■ **TASK INSTRUCTIONS**
Exactly the lines below, starting with the one containing "Irá elencar todos" and going on through the one containing "Made in Japan, this", must be reproduced, both ends included, and no pictures with them.

+++ THE DATA +++

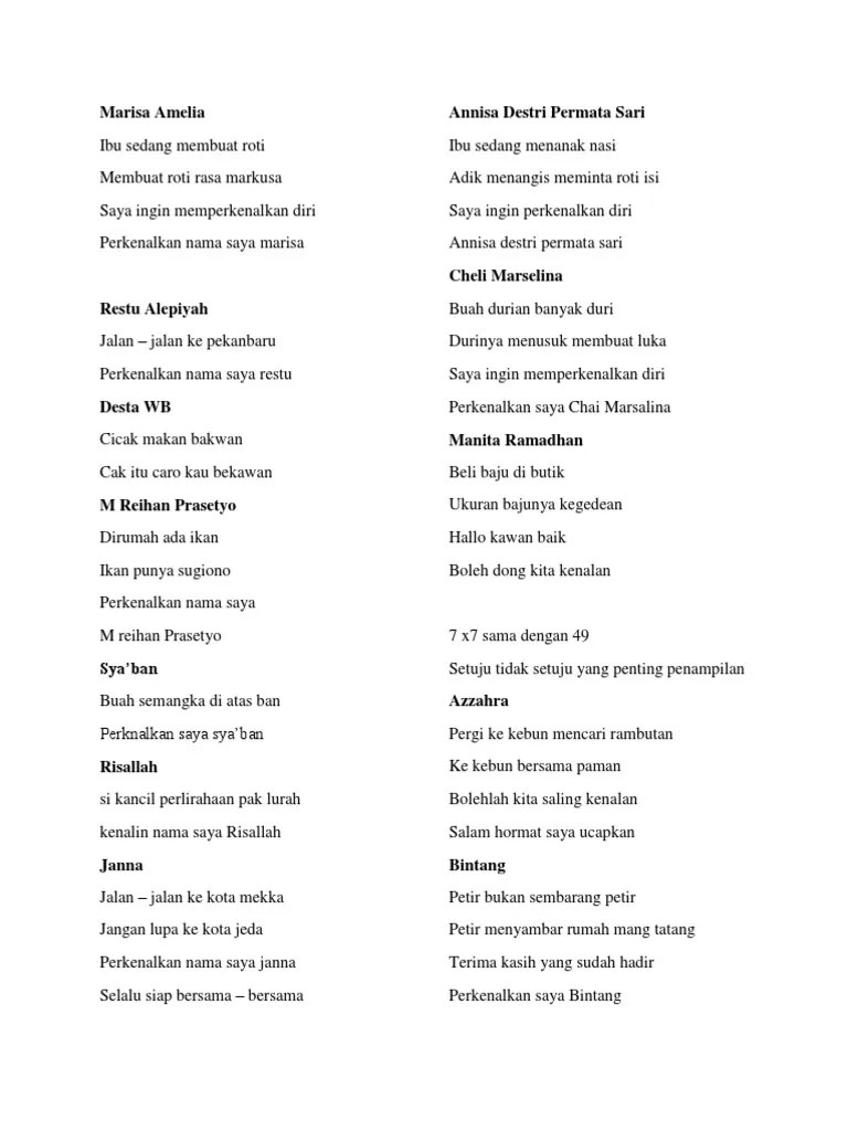 Apabila ingin menggunakan jenis pantun ini untuk memperkenalkan diri kepada orang banyak, maka alangkah lebih . Kumpulan pantun perkenalan diri yang lucu dan tidak membosankan, bisa disampaikan di momen perkenalan siswa baru di kelas. Memperkenalkan diri menggunakan pantun dapat membuat suasana menjadi cair jika dilakukan dengan benar. Ketika bertemu dengan orang baru, seseorang pasti akan mengawali sebuah percakapan dengan memperkenalkan diri terlebih dahulu. 10 contoh pantun perkenalan nama di depan kelas ketika berbicara di depan orang . Pohon sukun di tengah taman · 2.
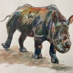1 14 カバじゃありません。シロサイです。 #水彩 #水彩画 #イラスト好きな人と繋がりたい 22/04/07 22:50
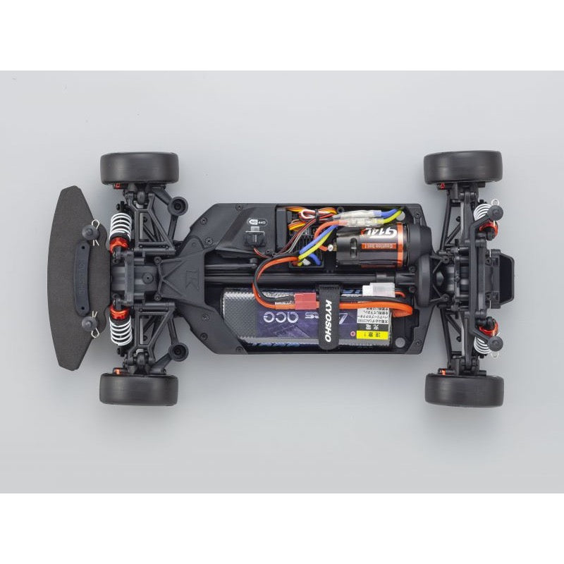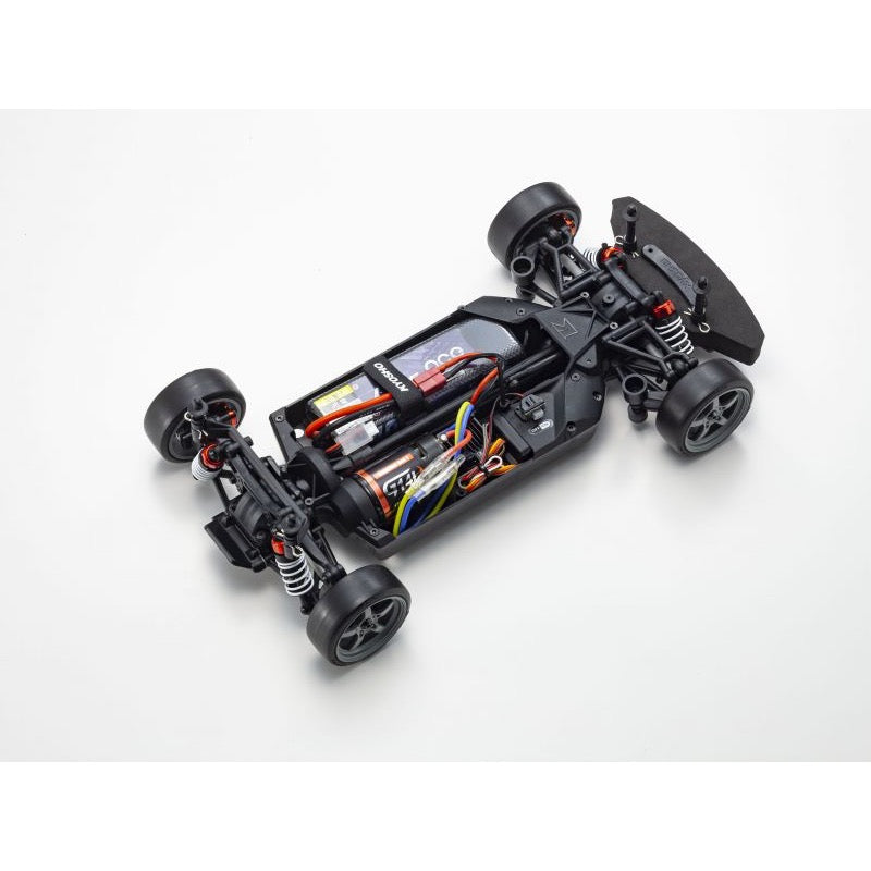 For the pure enjoyment of R/C car driving, the combination of a beautifully reproduced car body with the FAZER series chassis can’t be beaten. Kyosho has taken its standard touring car chassis and given it a full model makeover that has evolved performance to a new level. A simplified design with fewer parts has improved maintenance efficiency and reduced weight while core strength and rigidity has been increased through new materials and ribbing and stiffeners on front and rear. In addition, the symmetrical chassis design synergizes excellent front-rear balance through the suspension with responsive control, irrespective of power source. Featuring slipper clutch, front & rear gear differentials, oil shocks and full ball bearing specs, the high durability and impact resistance allows drivers to unleash the full potential of the chassis. Brake disc wheel hubs with two different offsets (0mm, +5mm) provide compatibility with 190mm and 200mm width body styles and allows the wheelbase to be adjusted to 274mm by replacing some parts (sold separately) for compatibility with other 1/10 scale body styles, in addition the body included. The Readyset package comes fully assembled and includes everything except charger and battery for the chassis, and batteries for the transmitter.
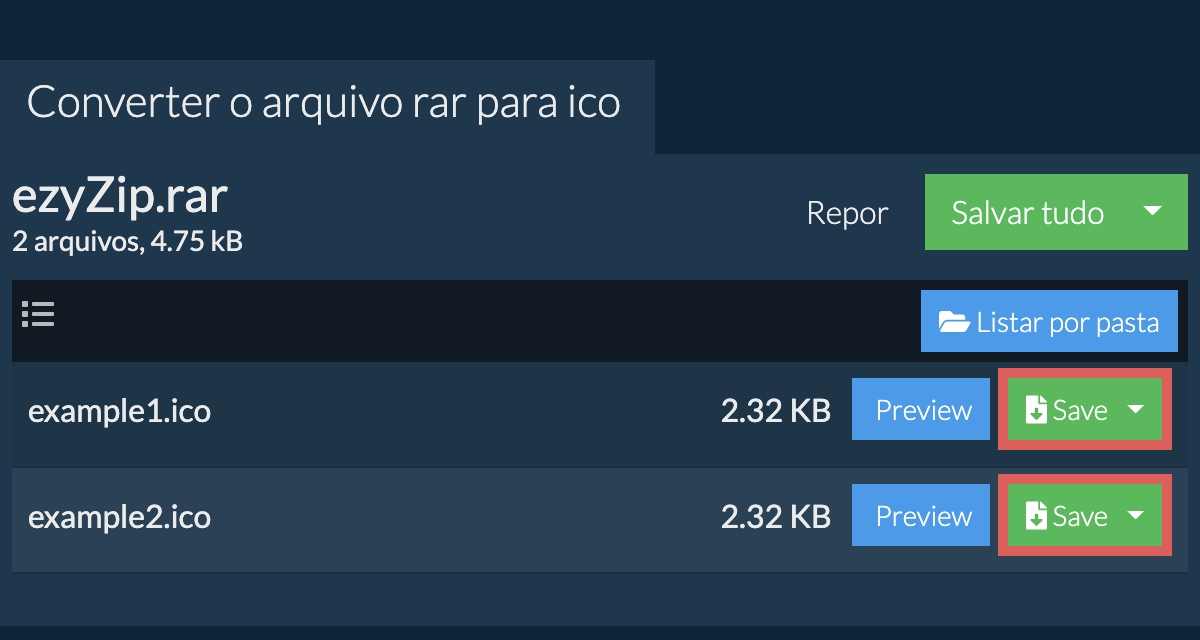 Irá elencar todos os ficheiros ICO no arquivo RAR. - Clique no botão verde "Guardar" para guardar o ficheiro ICO individual no seu disco local.
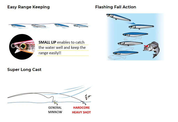 Made in Japan, this lure features a flash falling action, easy range keeping small lip that enables to catch the water well and keep the range easily.
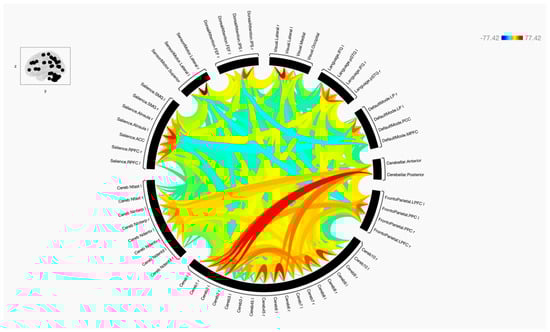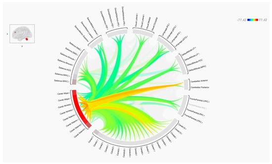 The statistical analyses were performed at two statistical levels: subject and group levels. At the first level of analysis (subject’s level), matrices of regions of interest (ROI)-to-ROI connections between and among the termed ROIs were calculated for each participant using weighted general linear bivariate correlation models. Bivariate Fisher-transformed correlation coefficients between the pair ROI time series were used to build these matrices. The Fisher transformation, given by the equation z = 0.5 × ln((1 + r)/(1 − r)), where r is the correlation coefficient, allows for more accurate confidence intervals and hypothesis testing. The transformation converts Pearson’s correlation coefficients into z-scores, which follow a normal distribution and are easier to work with statistically. At the second level of analysis (group’s level), functional connectivity measures were calculated and compared using group-level statistical analysis, T-tests, and/or F-tests where appropriate, identifying and comparing the rsfMRI networks connected to each of the cerebellar regions. The standard of statistics for the results is displayed using a corrected false discovery rate (FDR) (p < 0.05) (multivariate statistics parametric (MVPA) omnibus test) [18]. With this approach, every connection is effectively subjected to a multivariate parametric general linear model analysis. Moreover, to better understand the functional connectivity within the brain, visualizations were generated using a matrix-based functional display. This approach, as defined in the CONN software, allows for the comprehensive analysis and interpretation of the complex relationships between different brain regions, ultimately providing valuable insights into their interactions and functional integration.
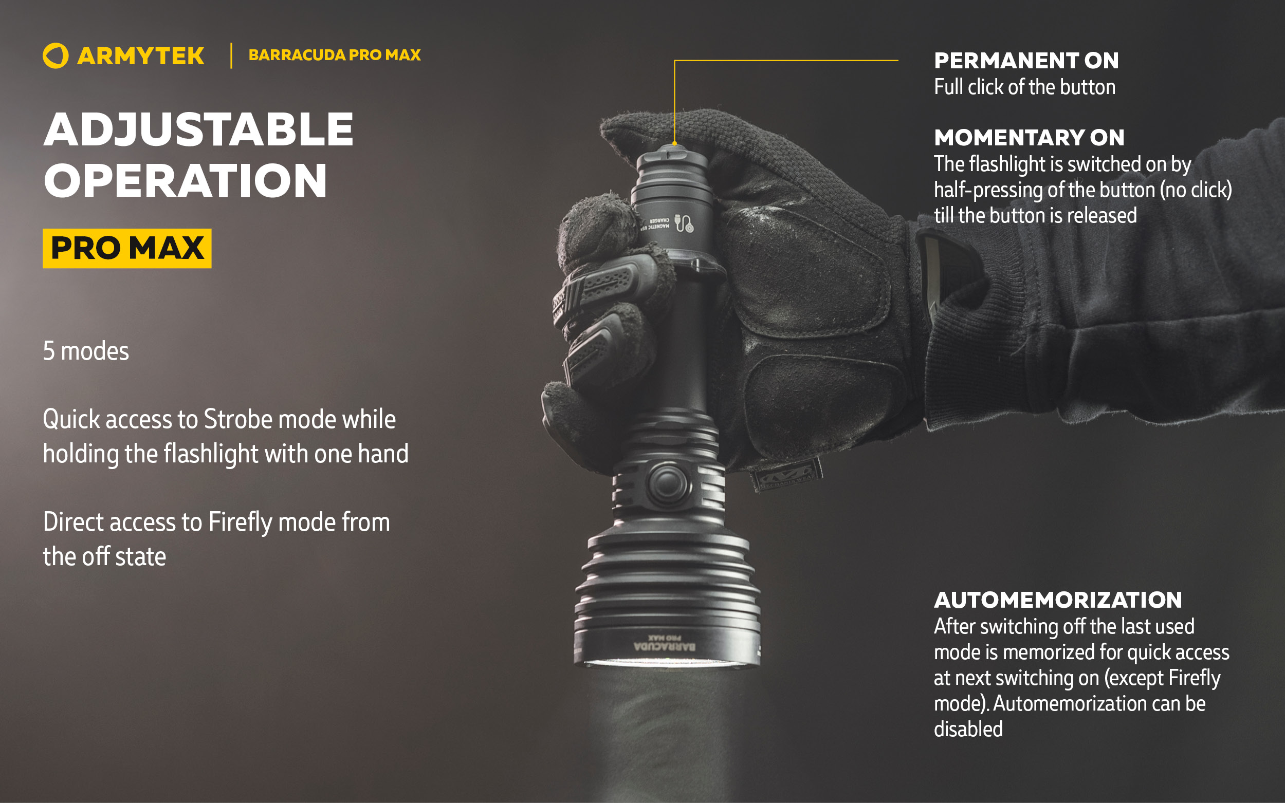 - Pro Max Direct access to Strobe mode while holding the flashlight with one hand.
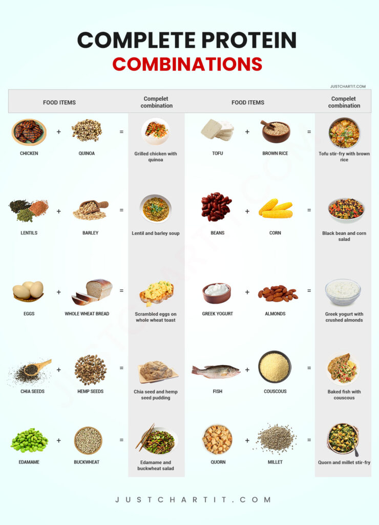 complete protein combinations chart ideal combinations comparison
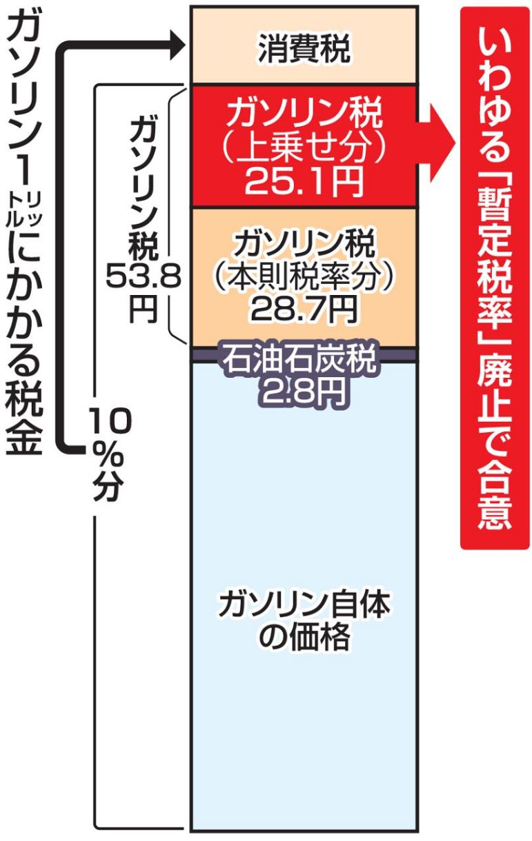 自民、公明、国民民主3党が11日、ガソリン税に上乗せされている暫定税率の廃止で合意した。暫定税率は本来、全国の道路整備の財源不足に対応するために昭和49年に導入され、現在はガソリン1リットルあたり、本来のガソリン税28・7円に加え、25・1円の暫定税率が上乗せ徴収されている。
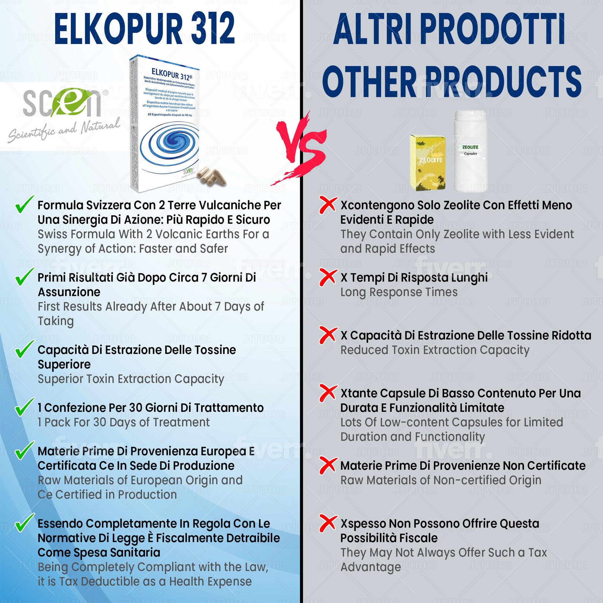 Elkopur312 is a natural product designed to detoxify the gastrointestinal tract and give relief to the liver thanks to the elimination of heavy metals and toxins of various kinds.
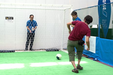 Given that the events were held on a Saturday and Sunday during the summer holidays, a great number of people were using the airport and many took part in the activities. Those who played Football 5-a-side ( blind soccer ) commented how difficult it was to play while blindfolded, while those trying out the expanding ink pen art were impressed with how well their own efforts turned out.
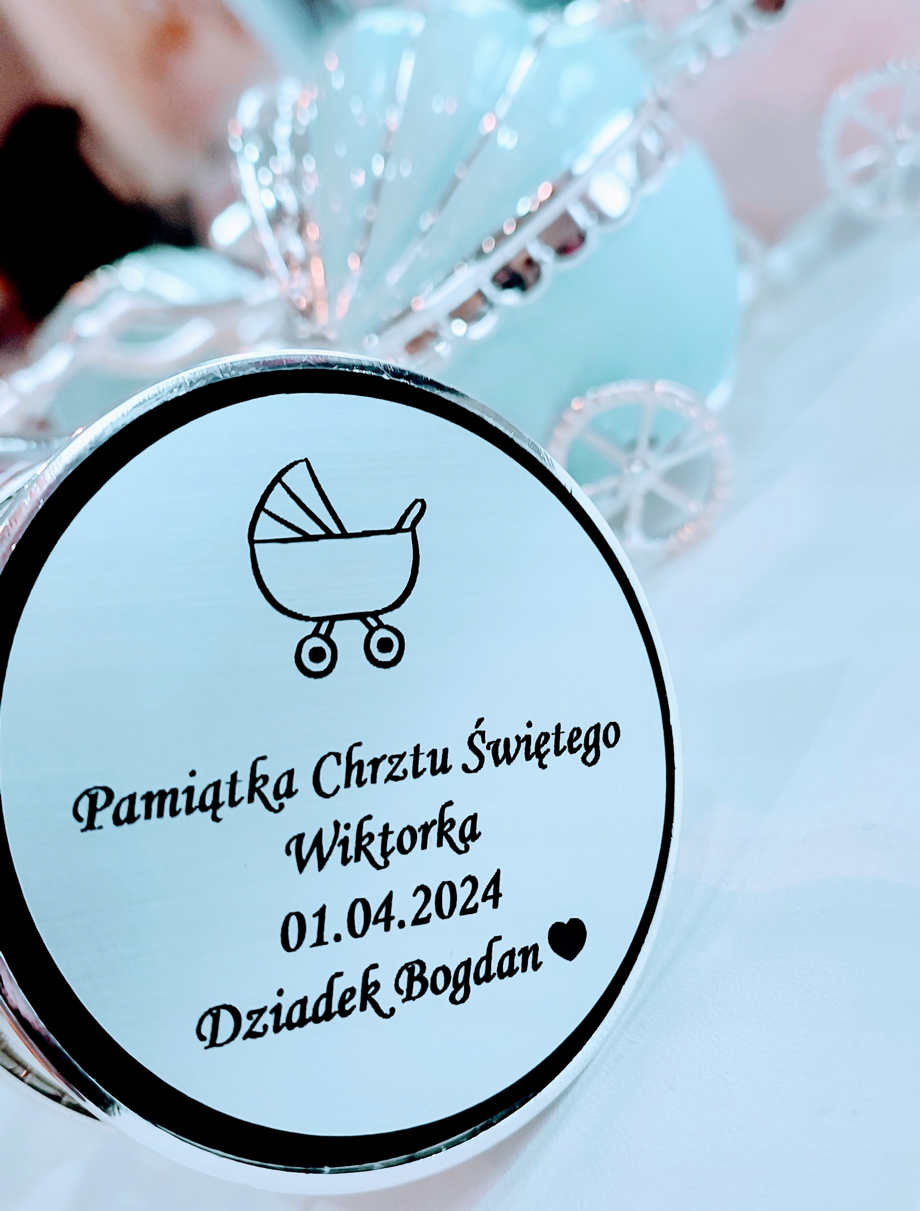 Представленная карусель является многофункциональной - это SO -SALLED 3 в 1. Музыкальная коробка, фоторамка и ротационная карусель. Он сделан из серебряного металла; Покрыт розовой и жемчужной эмалью и эффективными белыми кристаллами. Его можно поместить на комод, подоконник или полку в детской комнате. Реакция малыша на этот дар может быть очень интересной :) - он вытащит ручку на кадр, будет смотреть на фотографии или успокоить под воздействием мелодии, что ясно покажет, что подарок любит ребенка :) Это также может быть дополнением к большему подарку или общеизвестному «конверту».

+++

■ **TASK RESPONSE**
 Irá elencar todos os ficheiros ICO no arquivo RAR. - Clique no botão verde "Guardar" para guardar o ficheiro ICO individual no seu disco local.
 Made in Japan, this lure features a flash falling action, easy range keeping small lip that enables to catch the water well and keep the range easily.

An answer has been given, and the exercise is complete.